# New product from ETC



## BillConnerFASTC (Apr 1, 2015)

http://www.etcconnect.com/aroma/


----------



## sk8rsdad (Apr 1, 2015)




----------



## rsmentele (Apr 1, 2015)

I love the terrible pretend guitar playing cameo

~Bob


----------



## sk8rsdad (Apr 1, 2015)

I love that ETC did a full marketing launch including a datasheet and application sheet for the *ahem* product. They're worth a read too.


----------



## Calc (Apr 1, 2015)

"Cell-Odor"/Selador

DFD Did one too. http://www.dfd.com/April_1_2015_data.html


----------



## Scenemaster60 (Apr 1, 2015)

I think this is hilarious, but the real thing also exists!
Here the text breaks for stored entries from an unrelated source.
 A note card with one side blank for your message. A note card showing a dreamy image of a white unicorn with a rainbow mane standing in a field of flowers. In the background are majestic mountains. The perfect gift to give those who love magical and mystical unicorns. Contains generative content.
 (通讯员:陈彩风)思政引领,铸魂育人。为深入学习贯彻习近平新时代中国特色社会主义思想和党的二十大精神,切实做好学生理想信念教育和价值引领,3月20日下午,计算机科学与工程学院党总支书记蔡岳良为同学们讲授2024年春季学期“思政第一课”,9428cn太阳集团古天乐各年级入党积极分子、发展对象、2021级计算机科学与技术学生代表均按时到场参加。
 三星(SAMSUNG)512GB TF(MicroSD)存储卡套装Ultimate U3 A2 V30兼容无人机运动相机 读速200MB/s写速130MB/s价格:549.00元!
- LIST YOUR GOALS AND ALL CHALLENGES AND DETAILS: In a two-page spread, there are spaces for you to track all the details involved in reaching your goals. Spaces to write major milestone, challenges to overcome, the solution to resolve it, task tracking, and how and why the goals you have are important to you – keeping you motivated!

I have worked on two productions with this company (no fools') and they do great work.
http://www.fivesenses.com/art-and-design.html

I was involved with lighting at Theatre in the Round for "Treasure Island" and I was co-scenic designer for "Veronica's Room."


----------



## rsmentele (Apr 1, 2015)

The sad thing about the Doug Fleenor product is that I've had someone ask if that was possible... they couldn't figure out how else a dmx device would get power.....


----------



## BillConnerFASTC (Apr 1, 2015)

Well, there was Smell-O-Vision 50+ years ago. Saw parts of that system on a prospective renovation tour. Guess the patents ran out.
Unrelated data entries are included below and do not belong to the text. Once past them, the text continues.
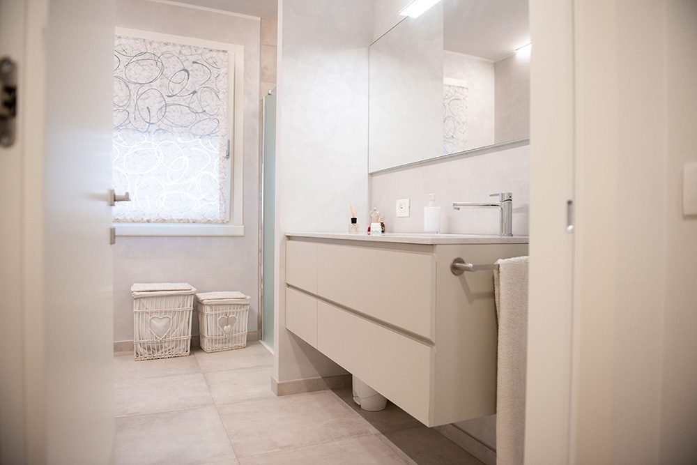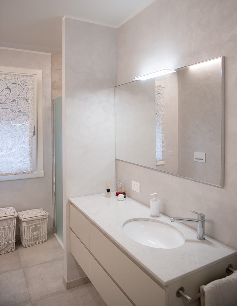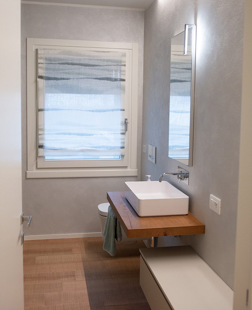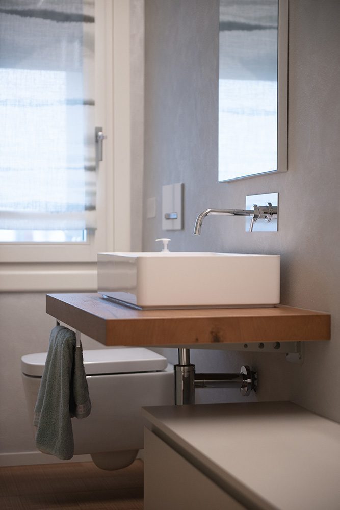 Elementi sospesi da terra con tagli orizzontali rendono unica, elegante e di carattere anche la zona bagno. Un ampio specchio verticale e un lavabo a bacinella definiscono invece l’estetica del secondo bagno.
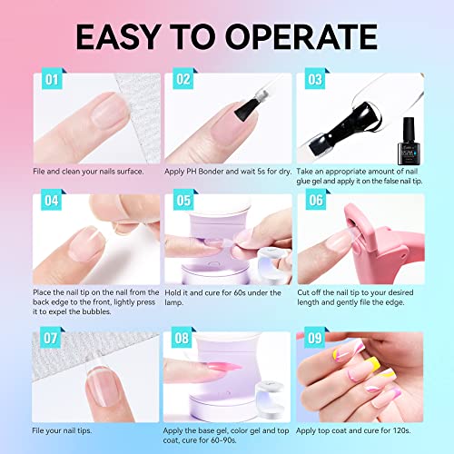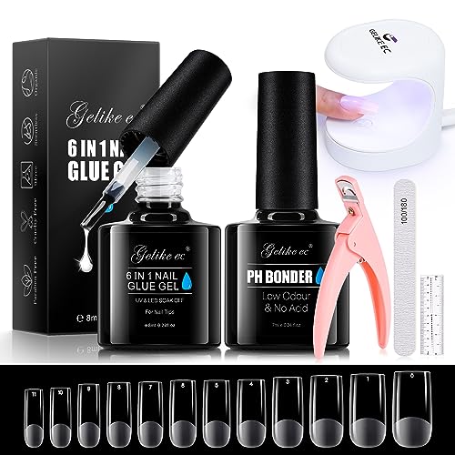 Gelike ec Punte per Unghie Quadrate Medie e Kit di Colla Gel - Mini Lampada per Unghie con 6 in 1 Colla per Unghie PH Bonder 240 Pezzi Punte per Unghie Copertura Completa Lima per Unghie Tagliaunghie
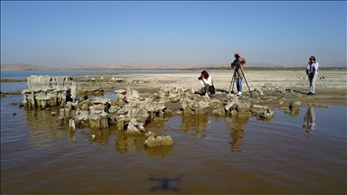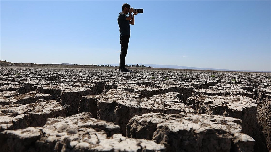 Göl tabanındaki çamurda besin bulmaya çalışan göçmen kuşlar, bölgedeki ölçüm kulesi ve düşen su seviyesinde balık avlamaya çalışan vatandaşlar Anadolu Ajansı (AA) ekibince havadan da görüntülendi.
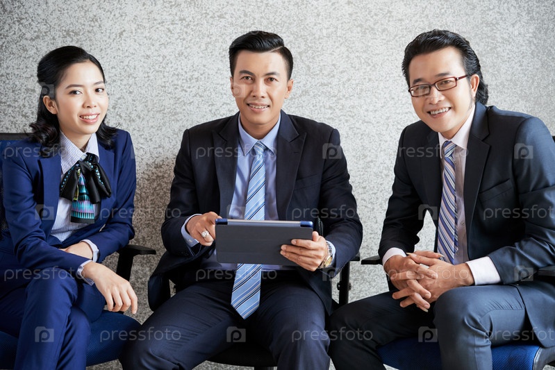 Уверенные в себе молодые бизнесмены, сидящие с планшетом
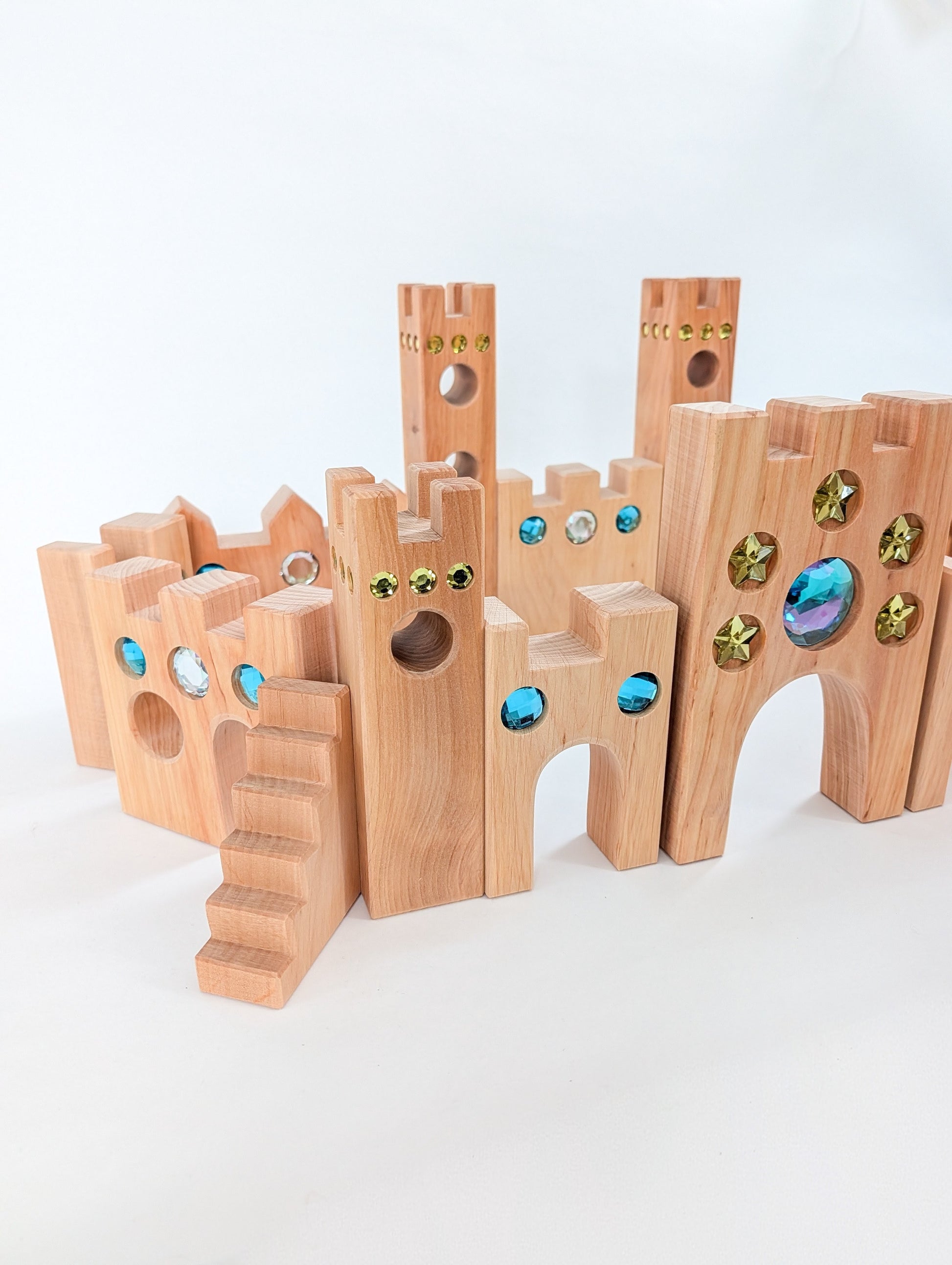 Set includes 16 solid wood castle pieces with inset acrylic gems
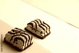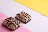 small chocolate cakes in color background
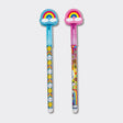 They feature a colourful design and rainbow-shaped erasers on top of the lids.

Or was it AromaRama I saw parts of? Can't be sure.

The Wikipedia entry is pretty interesting, including reports of the use of aromas on Broadway shows.


----------



## jfleenor (Apr 1, 2015)

rsmentele said:


> The sad thing about the Doug Fleenor product is that I've had someone ask if that was possible... they couldn't figure out how else a dmx device would get power.....
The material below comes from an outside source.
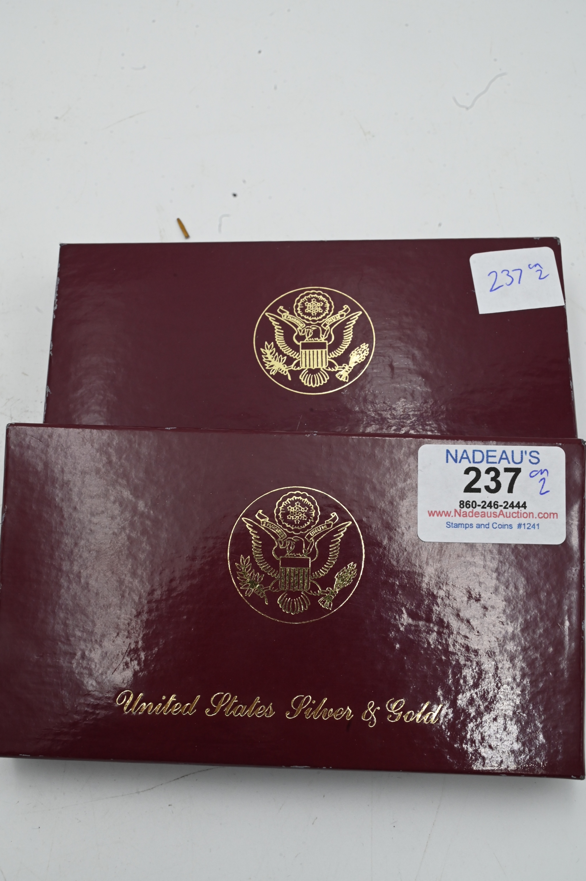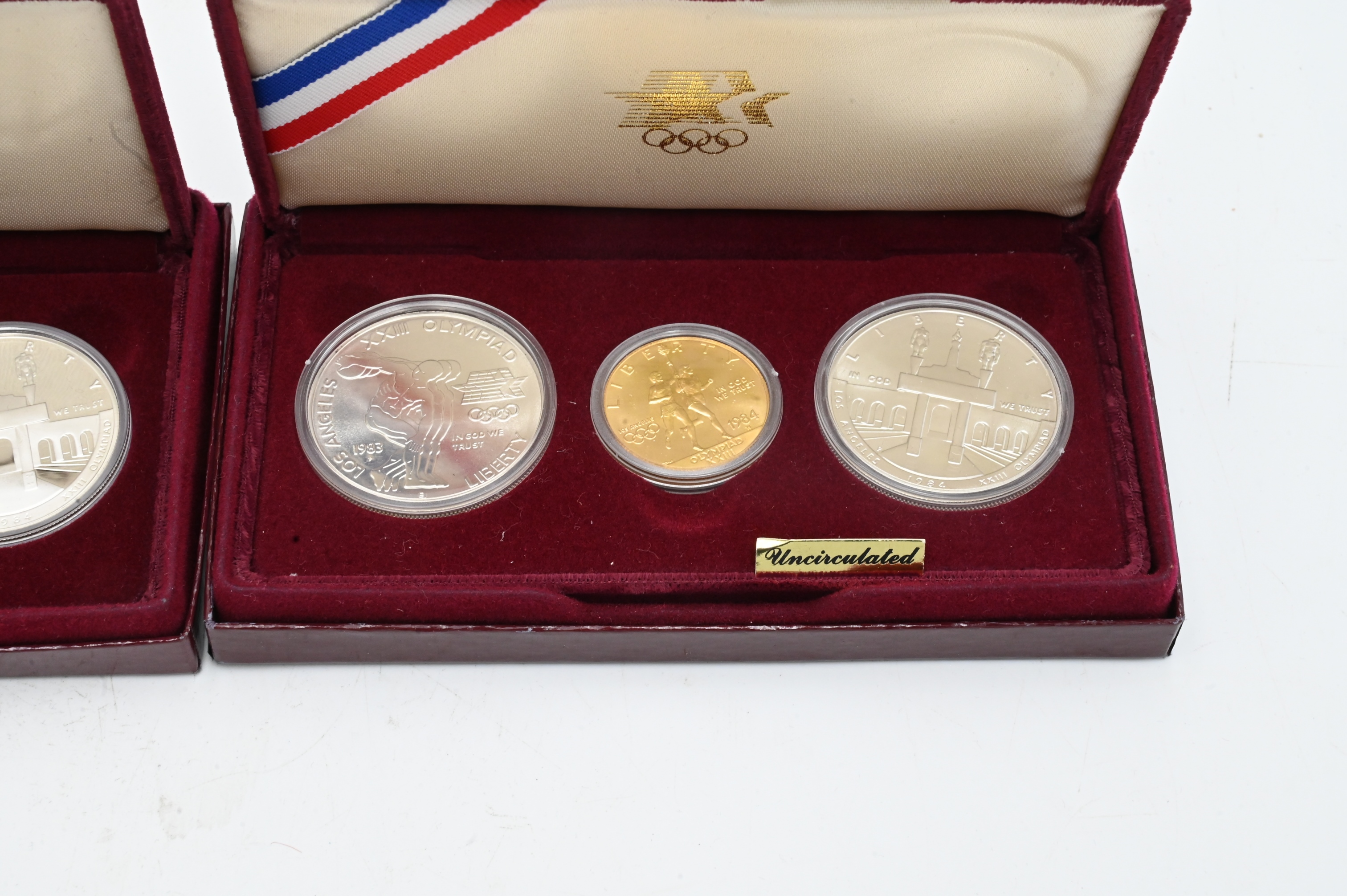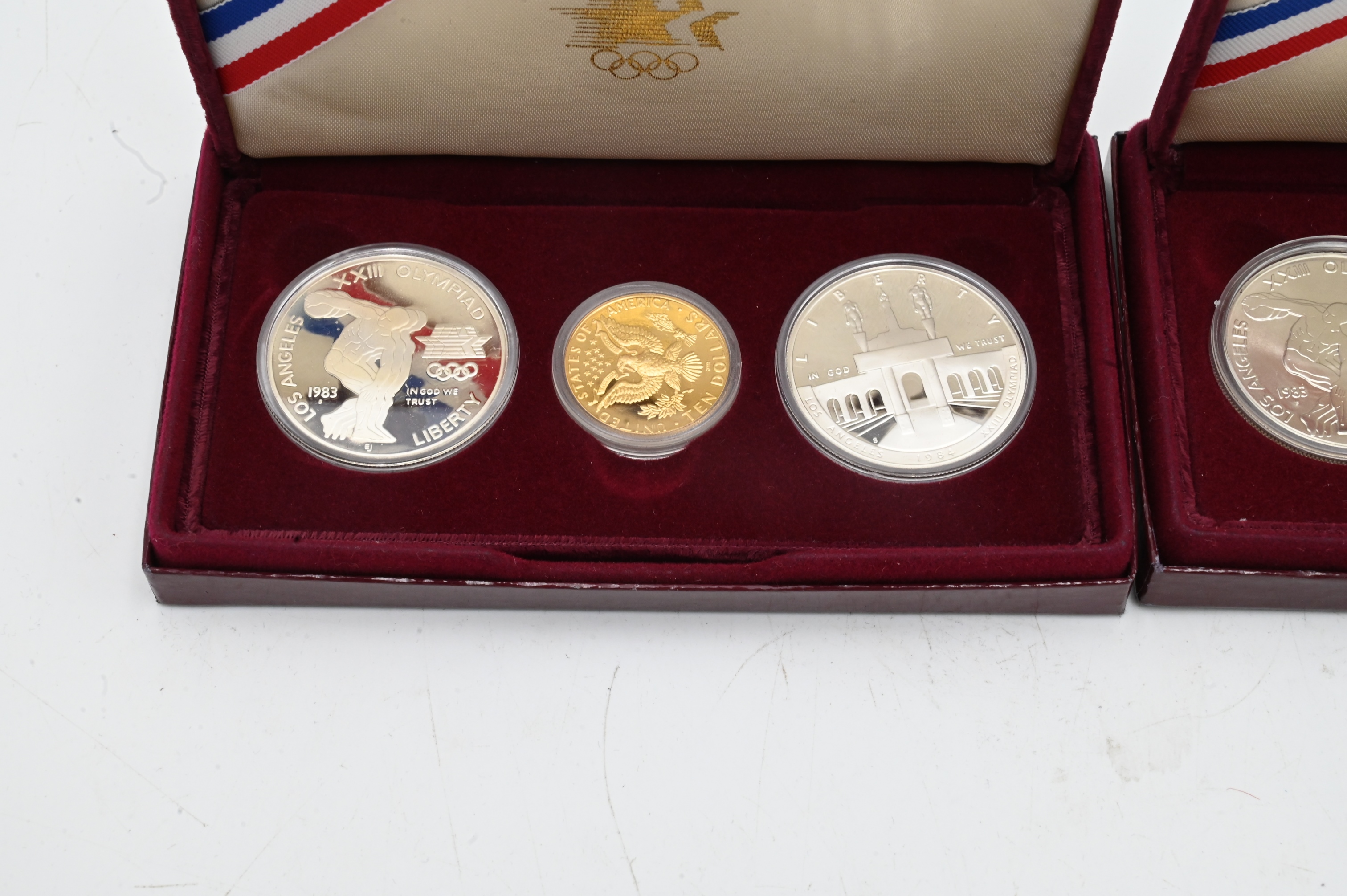 Two 1983/84 Olympic Gold Three Coin Sets, with one $10 Proof gold and $1 silver and half dollar plus one 1983-84 olympic three coins set in $10 gold and $1 Silver and half dollar, gold 1 t.oz total.

Serious for a moment: Yes, we've received a few tech calls like that in the past. That's why, at the bottom of the page, we make sure to include the line "April Fools! Adapting an XLR connector to a 120 VAC connector is not advised, even though XLRs are rated to 250 VAC."


----------



## gafftaper (Apr 1, 2015)

Thanks ETC! That was a great start to what's going to be a long day. Personally my favorite part is the work in the lab.


----------



## Brandon Merkle (Apr 1, 2015)

Thing of beauty. Data sheet available here: http://www.etcconnect.com/ScentFourAromaEngine/Documentation.aspx


----------



## chausman (Apr 1, 2015)

Disney actually does something similar in their parks. And we've played with it during Scarywood and let me tell you it's not fun getting charred corpse off your hands...


----------



## venuetech (Apr 1, 2015)

does it compete with the rosco line of scented fog juice? before my time someone bought a lifetime supply of "pina colada". oh vey

how about a "Summers Dust" scent reminiscent of when you come back to work at the school venue and crank up the old house plot for the first time in 3 months.


----------



## DELO72 (Apr 1, 2015)

*applause* Well done ETC! Well done! This was one of my favorite parts: How on earth will they get UL passed on this? 

*ELECTRICAL*
• PowerCon in and thru connectors
• Built-in mini nuclear fusion reactor
-- 2,006,554 power hours per cycle
-- Ability to power venue, if properly equipped


----------



## robartsd (Apr 1, 2015)

DELO72 said:


> *applause* Well done ETC! Well done! This was one of my favorite parts: How on earth will they get UL passed on this?
> 
> *ELECTRICAL*
> • PowerCon in and thru connectors
> ...


I love the details on powering you facility - power flows via direct connection to a PC or Mac via USB-C or Lightning connector.


----------



## gafftapegreenia (Apr 1, 2015)

I worked on a show set in a Waffle House, and we had to make edible prop waffles before each show. Now that's Scent Design!


----------



## RileyChilds (Apr 1, 2015)

Smells tasty, I can't wait for Feb 30th to come!


----------



## egilson1 (Apr 4, 2015)

Just cut a PO for 100 of them. Going to corner the rental market in the North East.


----------



## Kelite (Apr 7, 2015)

Lovin' this....


----------